Thursday, October 20, 2011

Pirate parties and the new economic power

A few posts back, I ruminated on a potential shift in the nature of economic power and how that could play out in the political realm. The rise of the Pirate parties seems to fit into the process that I was pondering:
the success of the Pirate Party cannot simply be explained away by saying it’s a symptom of social exclusion or ignorance. The supporters of the new party are anything but on the margins – they are highly educated and media savvy. And above all, they are young and in a position to attract like-minded individuals in cities all over the country. To a certain extent, they represent the future elite of Germany.
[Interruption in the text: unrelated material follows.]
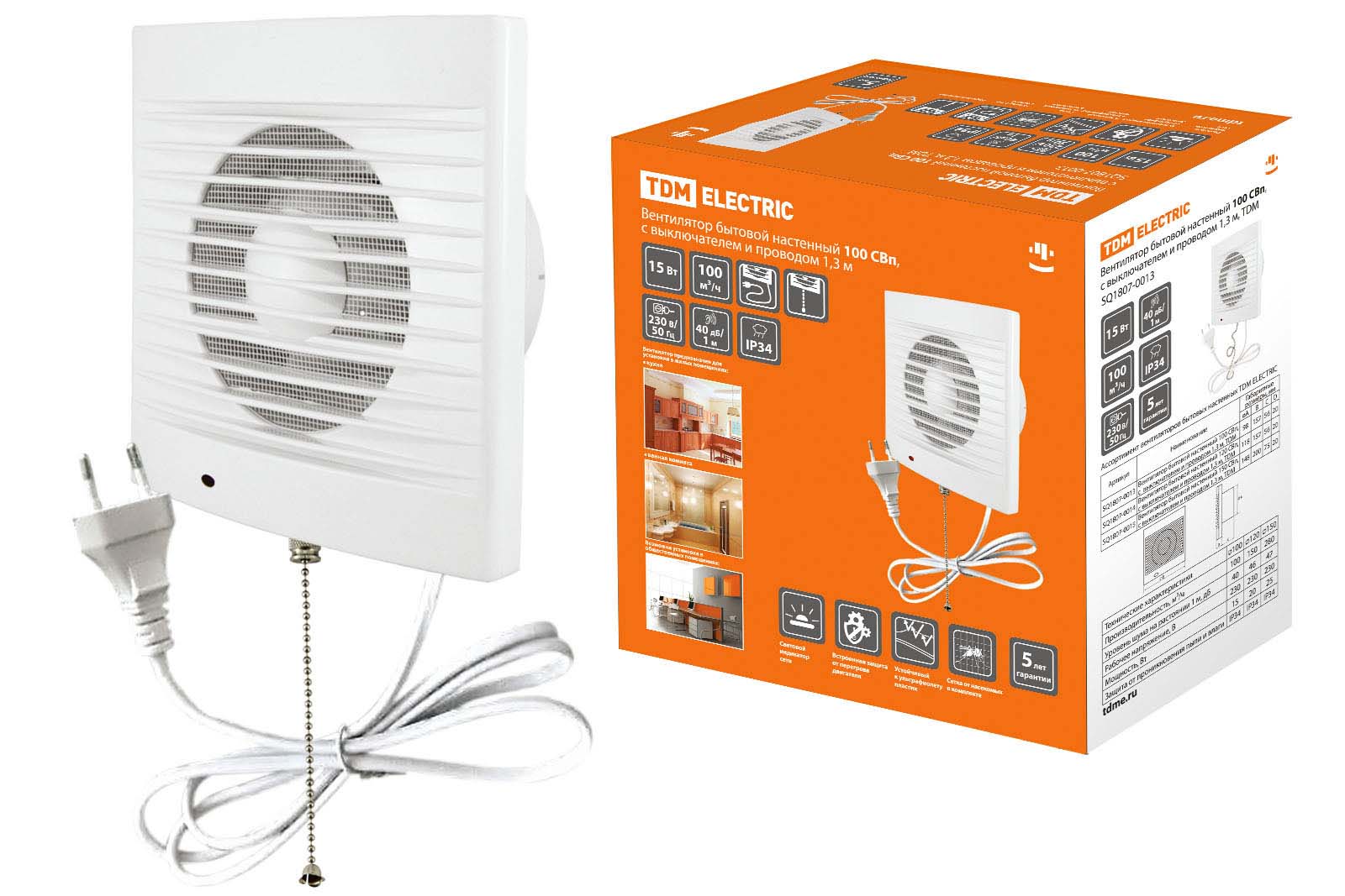 Наименование: Вентилятор бытовой настенный 100 СВп, с выключателем и проводом 1,3 м, TDM

For mainstream-party strategists, realising that they are unable to connect with this section of society must come as a kick in the teeth.
From How Germany’s Pirates might sink the mainstream parties | Matthias Heitmann | spiked

Anyway, this suggests that the "new power" may be centered on the ability to generate large ad-hoc communities around current issues, and motivate these communities to act. So the new power is based on social networking assets (including both old-fashioned "people skills", familiarity with those newfangled devices, and a reputation that encourages others to pay attention), as opposed to the old powers built on land ownership, industrial ownership, and institutional control. The funny thing is that the assets of this new power are pretty much identical to the assets of the financial industry-- the main difference being that these assets are now widely distributed, and the "clients" are not just millionaires and large institutions.